Teddy reaches for a bottle of some hair preparation that’s about ninety-nine and a half percent alcohol and pours a pint or so of it over Duck’s ear to disinfect it. Duck nearly screams, but he’s smart enough to hold it in. His face turns from blue to red in about half a second, and his lips get so tight they could’ve flattened pennies. His eyes bulge out, and he makes a sound way down in his throat like a bullfrog with a kidney stone. But he holds it in. We were all real proud of him. Then Teddy gets on with the story.

“’Bout that time a deputy comes in. He was on his rounds and heard the commotion. An orderly runs in too, and between the three of us we try to surgically remove Bill’s hands from around Sufferin’ Joe’s throat. At one point I’m pullin’ on Bill’s wrist, and my hand slips off and I accidently backhand the deputy in the mouth. He yells and puts me in a headlock, and I’m out of the action.

“Another orderly shows up, and they finally get Bill subdued. We’re all huffin’ and puffin’ like we’ve just run ten miles. The deputy lets my head loose, but he holds one of my arms twisted behind my back like I’m a dangerous criminal. Sufferin’ Joe straightens his shirt and rubs his throat and just stares at Bill. I figure then that there’s no hope. When a man gets mad at you and cusses you out or punches you, most times he’ll call it good. He got his pound of flesh, he gave you your comeuppance, and he’ll let it go at that. But when a fella just stares and doesn’t say a word, you know he’s thinkin’ judges and lawyers and jailhouse, and you can already feel that cold steel around your wrists. I look at Bill’s face, and I can see that similar thoughts are goin’ through his mind. He’s calm, but the orderlies are still hangin’ on to him like he’s Butch Cassidy, and Sufferin Joe is still standin’ there, just starin’ at Bill and rubbin’ his throat. The deputy says, ‘Doc, should I haul ’em both over to the jailhouse?’ Joe doesn’t take his eyes off Bill, but he shakes his head. Then he says to Bill, ‘Pardner, looks to me like you’ve suffered long enough. Come on back, and let’s see what we can do for you.’”
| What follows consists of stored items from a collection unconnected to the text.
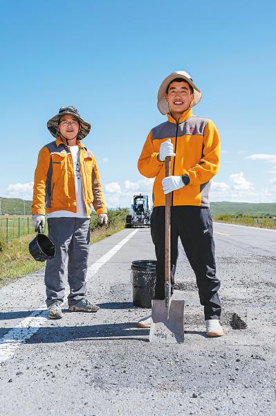 ⑤8月12日,24岁的尼玛木滚(前)是阿坝州公路管理局刷经寺公路管理分局的职工,2021年大学毕业后成为一名养路工。他与工作了17年的同事吴顺杰一起,负责管护约40公里的国道。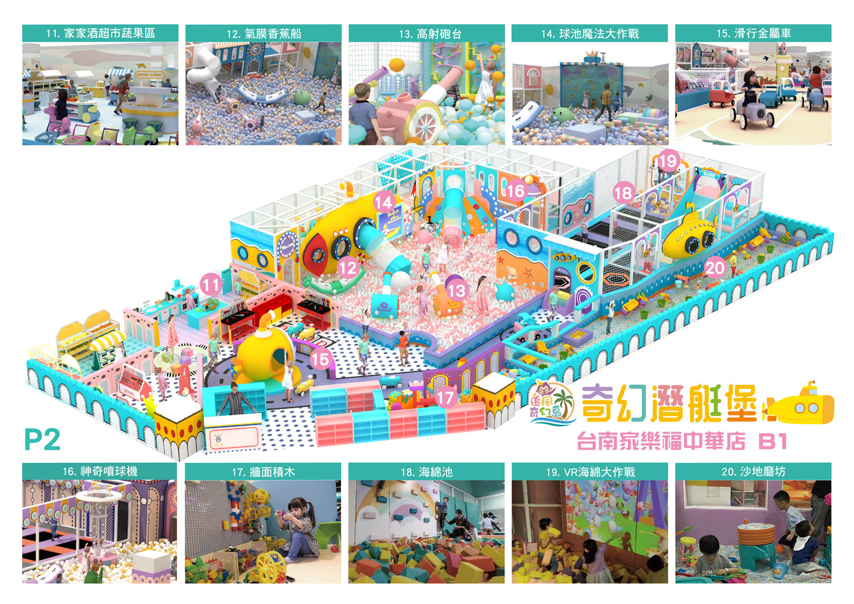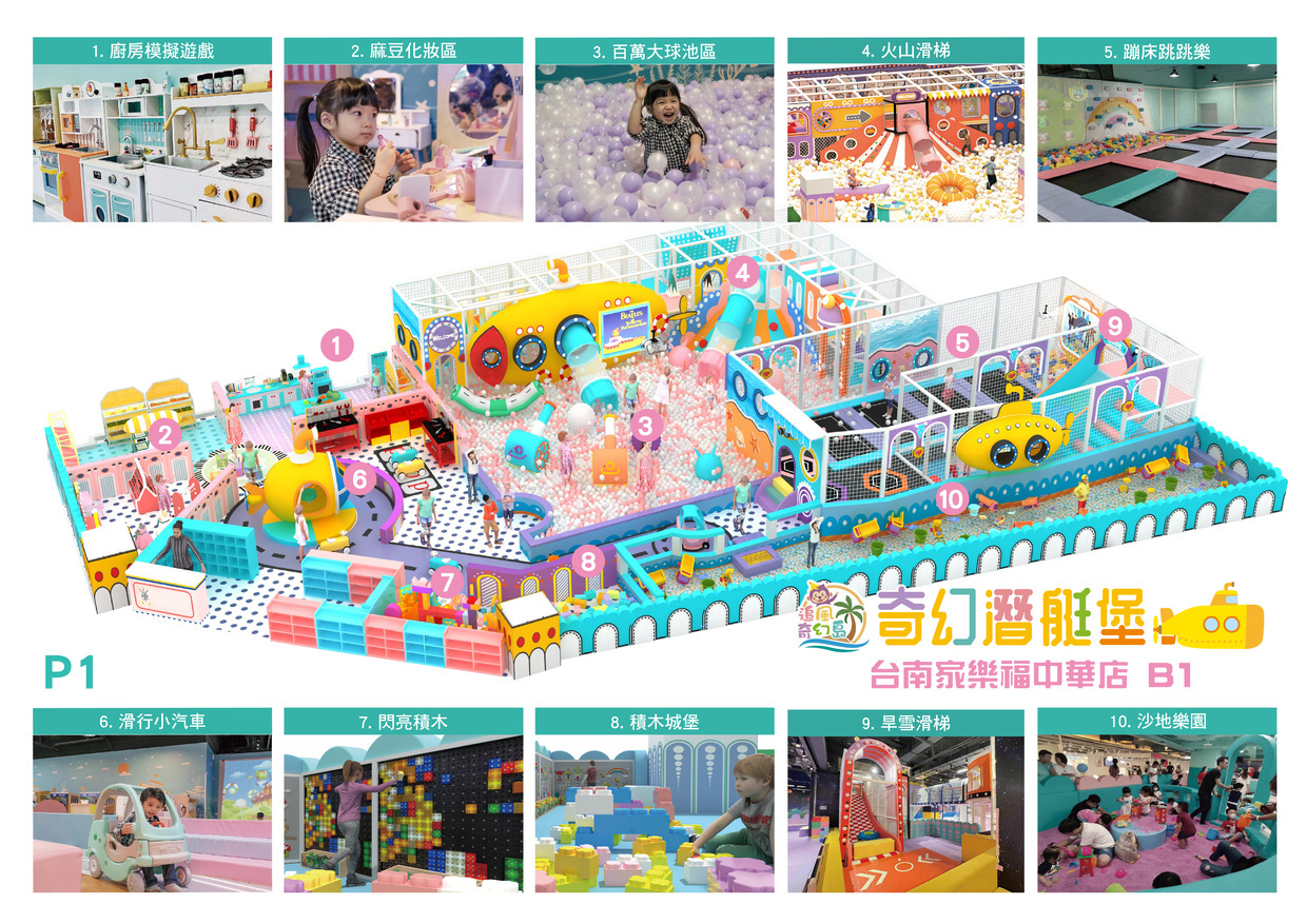 1、每張票券可一大一小全區全日𣈱玩台南家樂福中華店 【奇幻潛艇堡】(六歲以下需全程陪同一位大人入場)。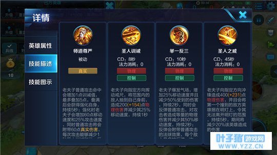二技能是一个不错的防御型技能,在前期打野的时候可以使用,来降低自己所承受的伤害,而且被动技能的概率发动两次普通攻击也让老夫子打野更加高效率。高额的减速让老夫子在GANK时候有不错的表现,同时降低伤害的防御属性让老夫子在团战中有更强的生存能力。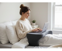 This memory foam U-shape lap desk provides a comfortable, stable surface for laptops and books. Made from memory cotton with breathable netting, it includes two large side pockets for storage. It is a practical item for everyday convenience.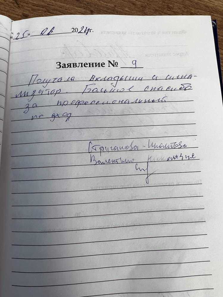 Получила вкладыши и сигнализатор . Спасибо за профессиональный подход.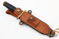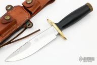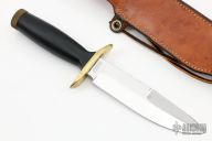 This combat fixed blade by Bianchi features a spear point mirror polished blade with serrated and sharpened top edge, .202" blade stock and 1.361" blade depth, hidden tang construction. The handle has a brass S-Guard, black composite handle that is hollow, and a removable brass butt cap. #0605. Comes with original brown leather sheath. Excellent condition.

When we finish laughin’, we all stand up and thank Teddy for a good story. Duck apologizes to Teddy for gettin’ blood on his sheet, and Teddy shoots a scowl over at Vern Bates. The rest of us all do the same. Vern looks down at the floor and scratches his armpit as an admission of guilt. After that, the incident is forgotten. Teddy’s not the kind of man to hold a grudge.